Exercise description: Return only the lines of the data below from the line with "James Bond villain" up to and including the line with "Aegon over de", exactly as written, with the pictures omitted.

Data section:
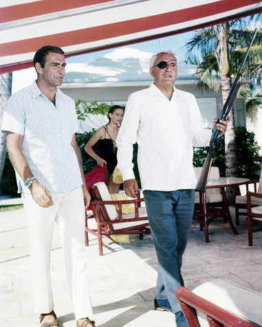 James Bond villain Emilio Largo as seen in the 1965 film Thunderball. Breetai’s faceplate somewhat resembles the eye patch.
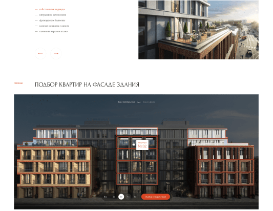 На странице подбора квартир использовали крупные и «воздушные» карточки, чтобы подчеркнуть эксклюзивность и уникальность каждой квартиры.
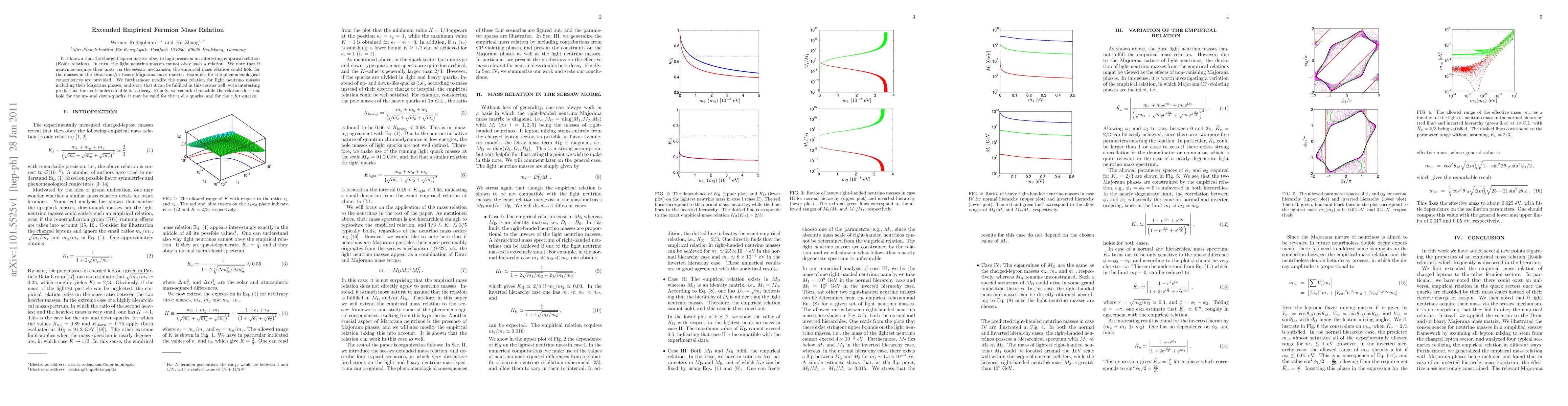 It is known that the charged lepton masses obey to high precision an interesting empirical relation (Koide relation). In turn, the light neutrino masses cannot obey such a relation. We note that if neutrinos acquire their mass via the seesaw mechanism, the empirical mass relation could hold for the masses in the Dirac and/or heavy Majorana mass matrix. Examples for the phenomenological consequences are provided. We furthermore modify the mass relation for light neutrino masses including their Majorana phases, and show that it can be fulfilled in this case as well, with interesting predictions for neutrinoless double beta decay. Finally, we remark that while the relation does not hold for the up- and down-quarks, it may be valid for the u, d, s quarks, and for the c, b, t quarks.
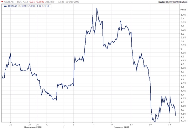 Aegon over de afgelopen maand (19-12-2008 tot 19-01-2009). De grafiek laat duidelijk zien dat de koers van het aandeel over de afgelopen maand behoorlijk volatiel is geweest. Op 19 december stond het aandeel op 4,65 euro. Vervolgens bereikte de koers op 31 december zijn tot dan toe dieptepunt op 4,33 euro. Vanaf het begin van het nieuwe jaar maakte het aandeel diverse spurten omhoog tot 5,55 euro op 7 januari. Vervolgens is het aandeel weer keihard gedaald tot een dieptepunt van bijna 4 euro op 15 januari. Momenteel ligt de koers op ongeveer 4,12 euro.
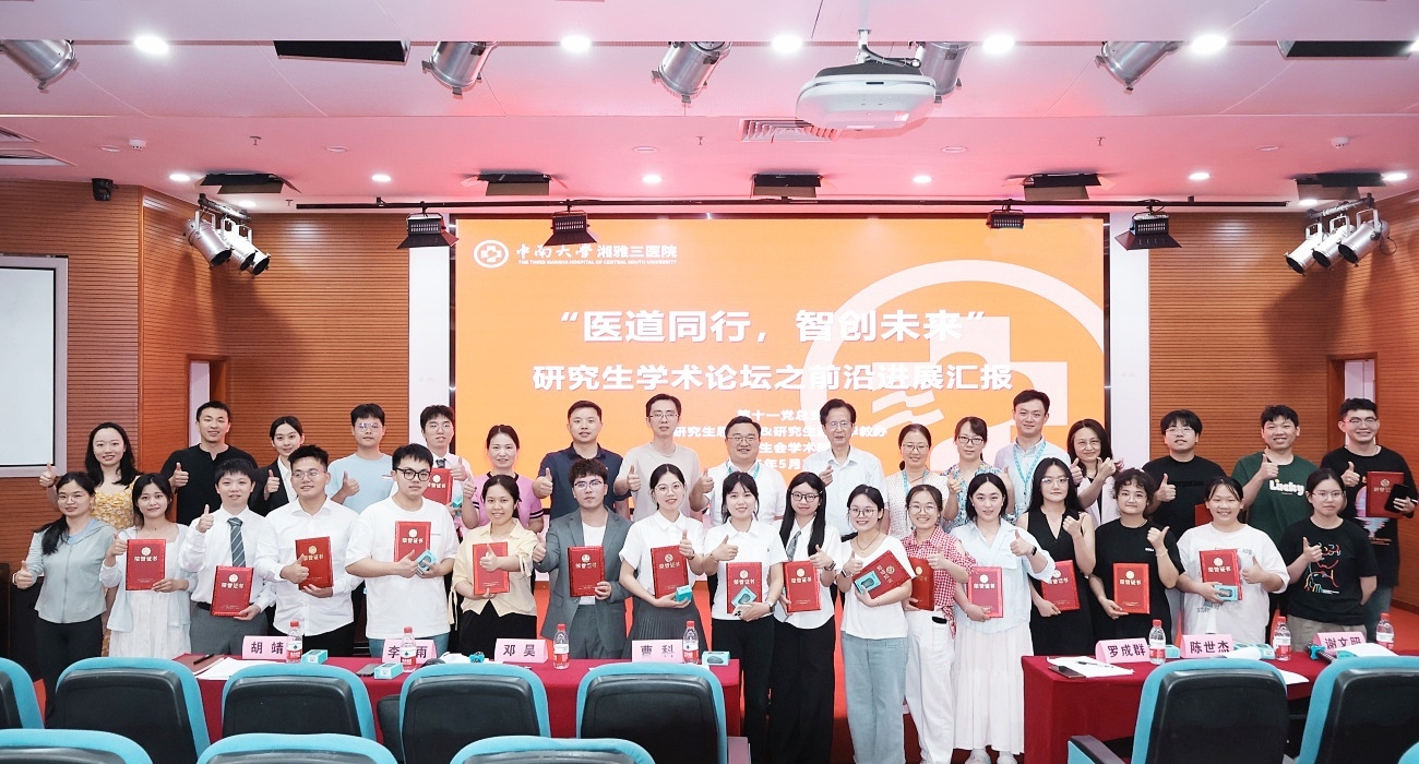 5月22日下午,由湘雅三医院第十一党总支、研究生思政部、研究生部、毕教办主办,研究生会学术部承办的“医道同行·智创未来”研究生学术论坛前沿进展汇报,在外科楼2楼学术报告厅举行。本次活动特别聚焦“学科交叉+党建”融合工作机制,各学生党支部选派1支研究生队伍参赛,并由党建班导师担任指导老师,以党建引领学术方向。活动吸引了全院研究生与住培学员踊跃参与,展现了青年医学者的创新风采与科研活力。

...

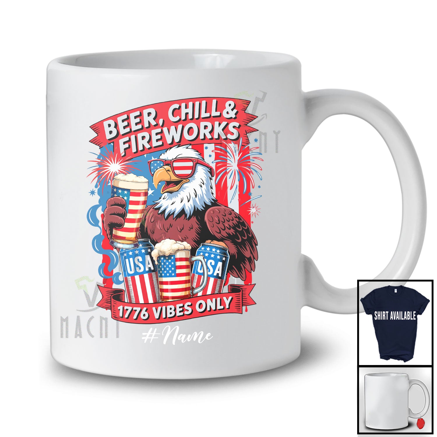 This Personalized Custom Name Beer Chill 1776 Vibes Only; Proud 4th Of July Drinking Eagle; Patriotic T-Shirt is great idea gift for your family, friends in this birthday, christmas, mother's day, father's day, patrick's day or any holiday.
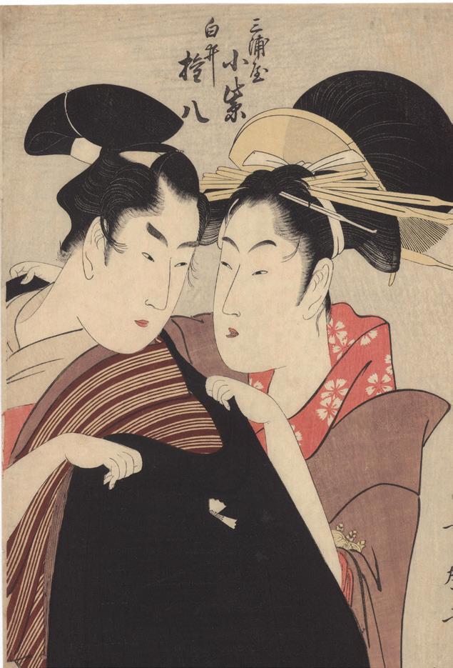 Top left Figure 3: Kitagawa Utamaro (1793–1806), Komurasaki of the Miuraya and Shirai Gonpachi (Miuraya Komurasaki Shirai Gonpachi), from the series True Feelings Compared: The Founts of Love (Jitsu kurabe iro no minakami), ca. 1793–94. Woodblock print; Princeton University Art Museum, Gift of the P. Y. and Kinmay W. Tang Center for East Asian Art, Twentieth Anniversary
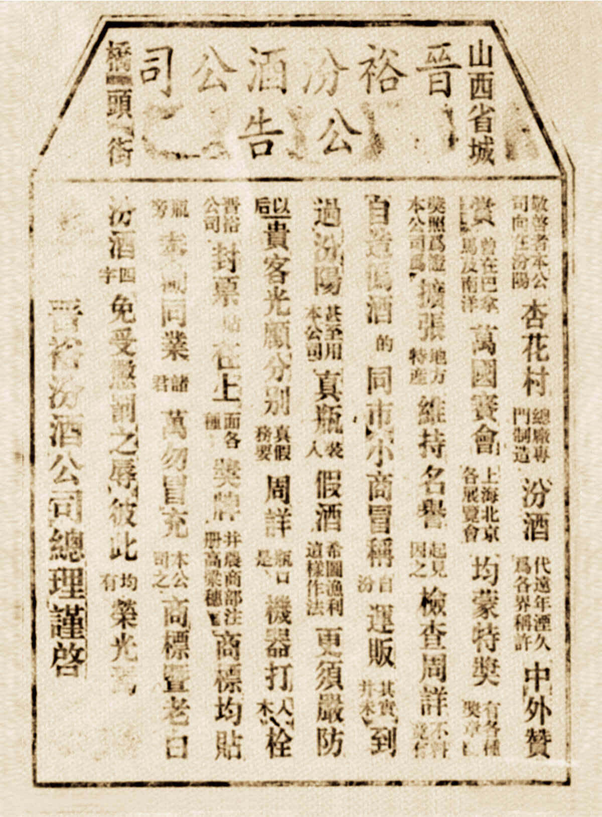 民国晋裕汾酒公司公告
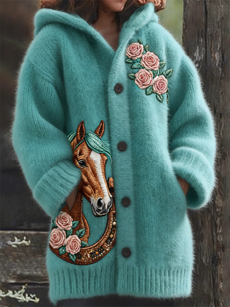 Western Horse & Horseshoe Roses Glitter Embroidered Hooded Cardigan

--

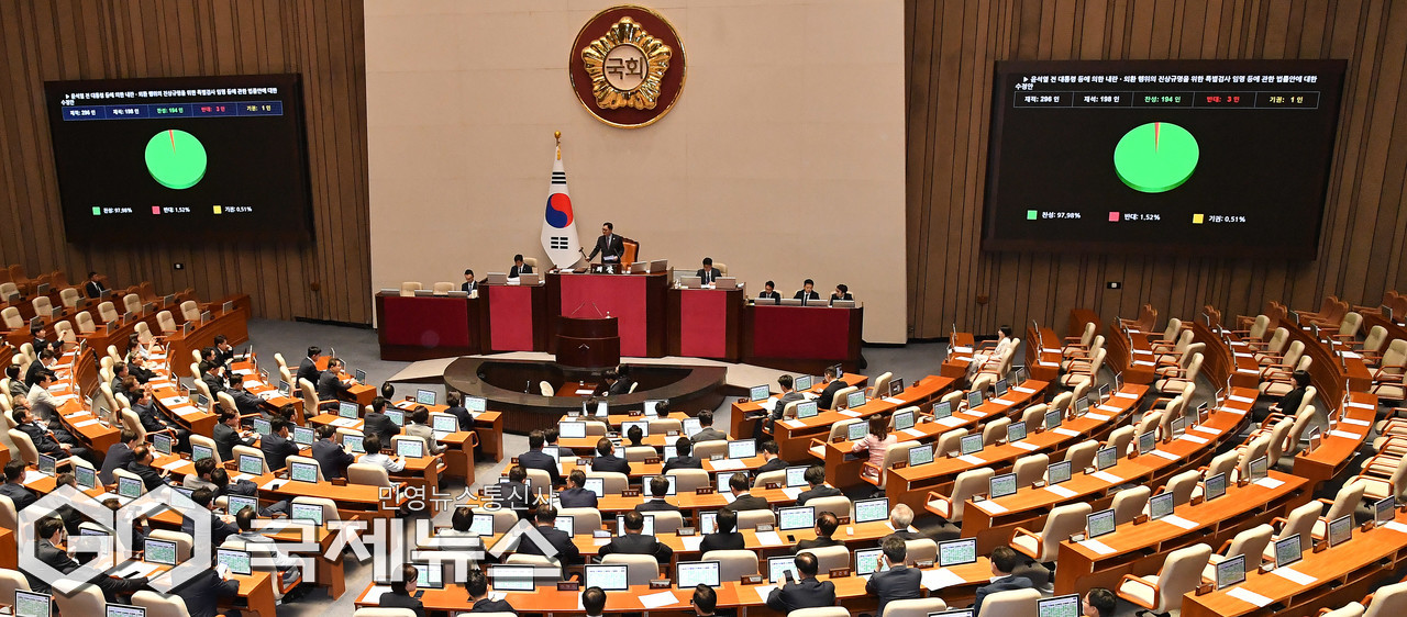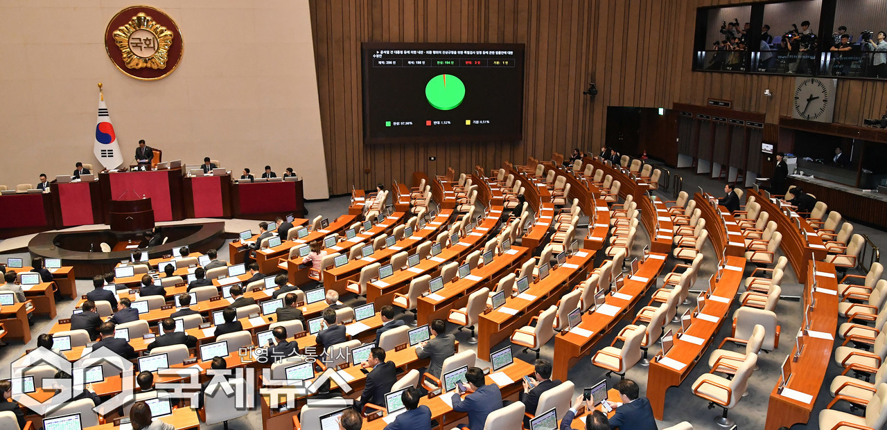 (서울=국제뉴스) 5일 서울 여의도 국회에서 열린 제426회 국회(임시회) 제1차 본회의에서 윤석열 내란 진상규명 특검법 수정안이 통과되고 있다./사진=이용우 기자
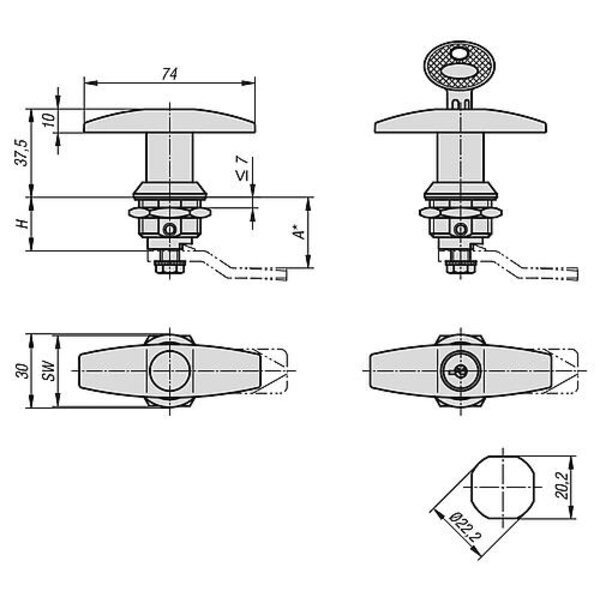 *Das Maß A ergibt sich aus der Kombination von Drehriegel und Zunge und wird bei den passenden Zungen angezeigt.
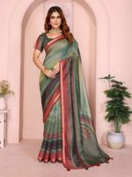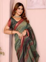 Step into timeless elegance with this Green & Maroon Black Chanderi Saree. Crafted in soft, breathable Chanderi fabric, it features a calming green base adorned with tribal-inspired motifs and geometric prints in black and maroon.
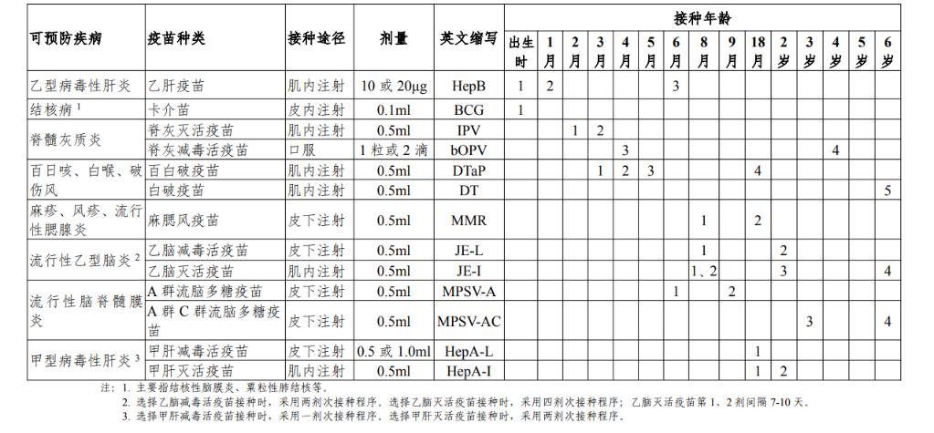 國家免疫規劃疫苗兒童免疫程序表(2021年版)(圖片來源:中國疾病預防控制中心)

Your solution:
 James Bond villain Emilio Largo as seen in the 1965 film Thunderball. Breetai’s faceplate somewhat resembles the eye patch.
 На странице подбора квартир использовали крупные и «воздушные» карточки, чтобы подчеркнуть эксклюзивность и уникальность каждой квартиры.
 It is known that the charged lepton masses obey to high precision an interesting empirical relation (Koide relation). In turn, the light neutrino masses cannot obey such a relation. We note that if neutrinos acquire their mass via the seesaw mechanism, the empirical mass relation could hold for the masses in the Dirac and/or heavy Majorana mass matrix. Examples for the phenomenological consequences are provided. We furthermore modify the mass relation for light neutrino masses including their Majorana phases, and show that it can be fulfilled in this case as well, with interesting predictions for neutrinoless double beta decay. Finally, we remark that while the relation does not hold for the up- and down-quarks, it may be valid for the u, d, s quarks, and for the c, b, t quarks.
 Aegon over de afgelopen maand (19-12-2008 tot 19-01-2009). De grafiek laat duidelijk zien dat de koers van het aandeel over de afgelopen maand behoorlijk volatiel is geweest. Op 19 december stond het aandeel op 4,65 euro. Vervolgens bereikte de koers op 31 december zijn tot dan toe dieptepunt op 4,33 euro. Vanaf het begin van het nieuwe jaar maakte het aandeel diverse spurten omhoog tot 5,55 euro op 7 januari. Vervolgens is het aandeel weer keihard gedaald tot een dieptepunt van bijna 4 euro op 15 januari. Momenteel ligt de koers op ongeveer 4,12 euro.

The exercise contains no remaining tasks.